Boondocking electrical conservation tips

Not all boondockers start out with solar panels, a wind turbine, or an O2 converter that changes air into electricity (don't search for that one, that's a pipe dream). So until you do install or invent those sustainable energy sources, the following tips will help you to keep your electrical usage down and your generator run time minimal.
  • Turn off all appliances, lights, radio, TV, and anything else that requires electricity when not in use.
  • Don’t leave your porch light on (a particular annoyance to me when I am not so fortunate to be able to camp away from neighbors, and he/she leaves the light on, ruining my night vision for seeing night critters and star gazing).
  • Coordinate your generator running time with the use of power-hungry appliances. For instance, schedule your showers, water heater, use of microwave, coffee grinder, and dishwashing all within a short period of time when you can run your generator to power them, rather than pull juice out of your batteries. This also charges you batteries at the same time.
  • Time your day to match the sun, rising when it does and going to bed with it also. This cuts your light usage down considerably.
  • If you read in bed, try using small rechargeable battery powered reading lights. You can recharge the batteries when you hook up next time and you won’t run down your house batteries with your RV’s lights. And you will probably disturb your mate less.
  • Monitor your house batteries charge with a voltage meter so you don’t run them down too low, which can damage the batteries. Deep cycle batteries are considered fully charged at at over 12.6 volts and completely discharged at 10.6 volts. Recharge before they get below 60%, or 12.0 volts.
In addition to these ways to cut your electric usage, there will be times when you are in an LTVA or other boondocking or dry-camping situation (like a rally or week-end event) where you have close neighbors. Remember that there are all kinds of RVers, some—maybe yourself included—who do not mind the noise of a generator running and don’t even consider that the noise or exhaust fumes may annoy others.

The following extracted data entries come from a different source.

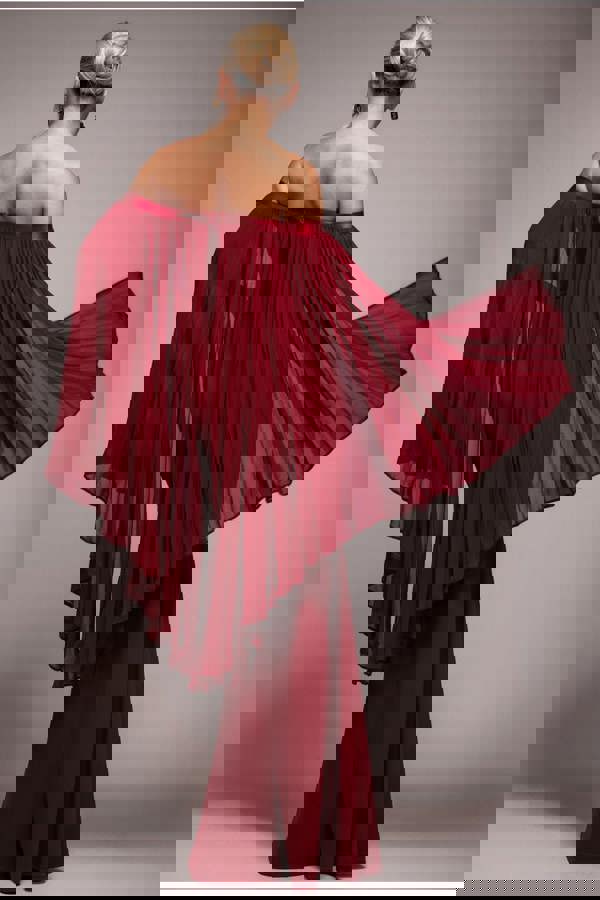 Burgundy red glamour reaches new heights with the Goddiva Strapless Maxi Dress with Pleated Chiffon Cape.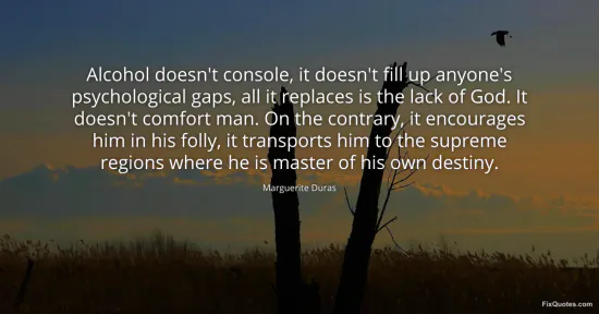 Duras, Marguerite. (2026, January 16). Alcohol doesn't console, it doesn't fill up anyone's psychological gaps, all it replaces is the lack of God. It doesn't comfort man. On the contrary, it encourages him in his folly, it transports him to the supreme regions where he is master of his own destiny. FixQuotes. https://fixquotes.com/quotes/alcohol-doesnt-console-it-doesnt-fill-up-anyones-95287/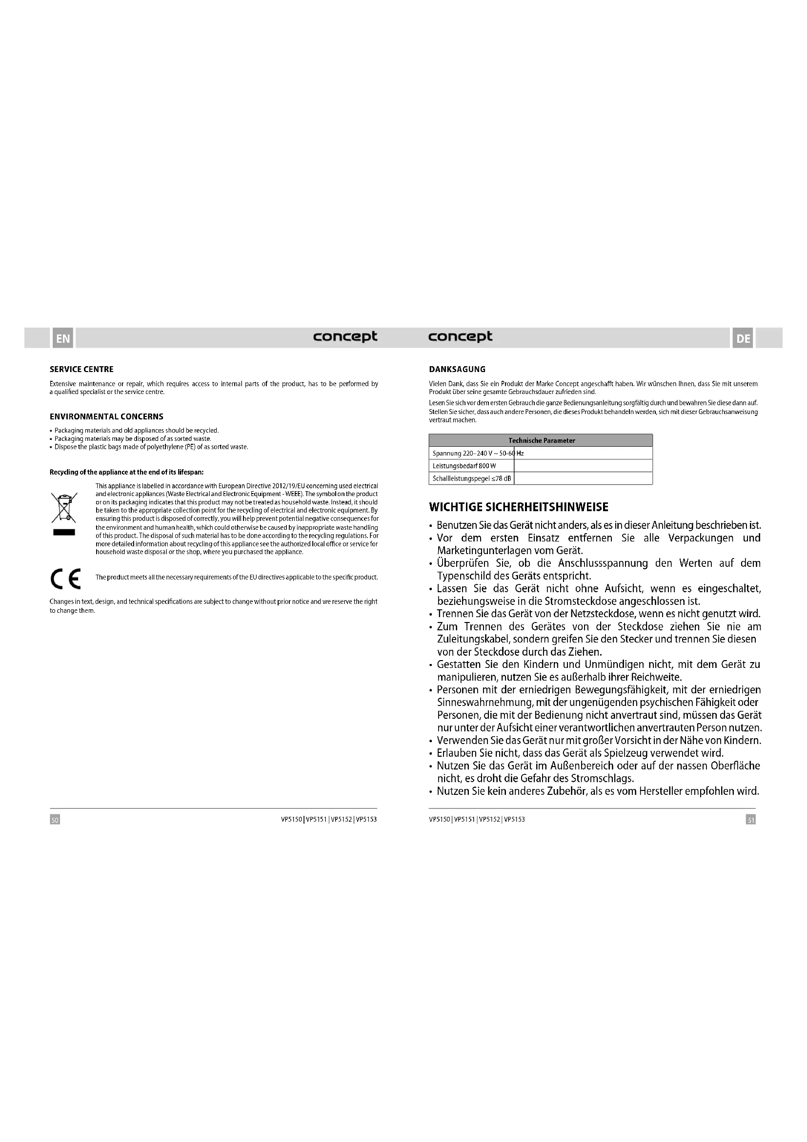 VP5150 | VP5151 | VP5152 | VP5153 DANKSAGUNG Vielen Dank, dass Sie ein Produkt der Marke Concept angeschafft haben. Wir wünschen Ihnen, dass Sie mit unserem Produkt über seine gesamte Gebrauchsdauer zufrieden sind. Lesen Sie sich vor dem ersten Gebrauch die ganze Bedienungsanleitung sorgfältig durch und bewahren Sie diese dann auf. Stellen Sie sicher, dass auch andere Personen, die dieses Produkt behandeln werden, sich mit dieser Gebrauchsanweisung vertraut machen. Technische Parameter Spannung 220–240 V ~ 50-60 Hz Leistungsbedarf 800 W Schallleistungspegel ≤78 dB WICHTIGE SICHERHEITSHINWEISE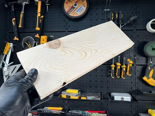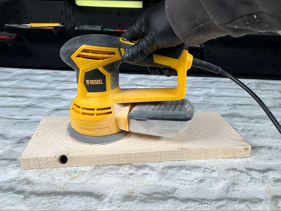 Итак, обрезок доски у нас уже готов. Сначала нужно привести его в порядок, убрать все заусенцы и занозы. Для этого подойдет шлифовальная машинка, а если ее нет, можно воспользоваться обычной наждачной бумагой.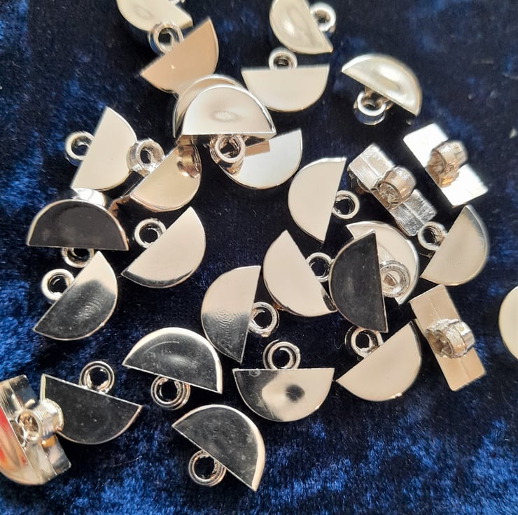 A pack of 10 buttons, 14mm / half inch in diameter, gold half moon shaped, with a back shank/loop. New. Plastic.

I remedy this, as I’m sure others do, by taking a walk during the time my neighbor will be running his generator. But it would annoy me if I had just settled down in my camp chair with a glass of the bubbly when my neighbor fires up his generator. Be courteous to your neighbor and he will return the courtesy.

Explain to your neighbor that you have to run your generator, and for however long you expect to, and ask when would be a good time when it wouldn’t bother him/her. Maybe you can all coordinate times.

Avoid running your generator past a reasonable hour in the evening when others may be relaxing, sitting outside enjoying the stars and the quiet, or trying to sleep. The same rule holds for the morning before the late risers greet the day.

Learn more about boondocking with my new eBook, BOONDOCKING: Finding the Perfect Campsite on America’s Public Lands.

1 comment:

  1. I have read that the voltage reading on the battery system is different with the batteries in use than when the batteries are at rest. Can you explain the different readings one can expect when using a built-in electrical system monitor which shows the House battery voltage? In other words, at what voltage should the batteries be recharged when read in use or when read after they are at rest (and at rest is defined as what?)?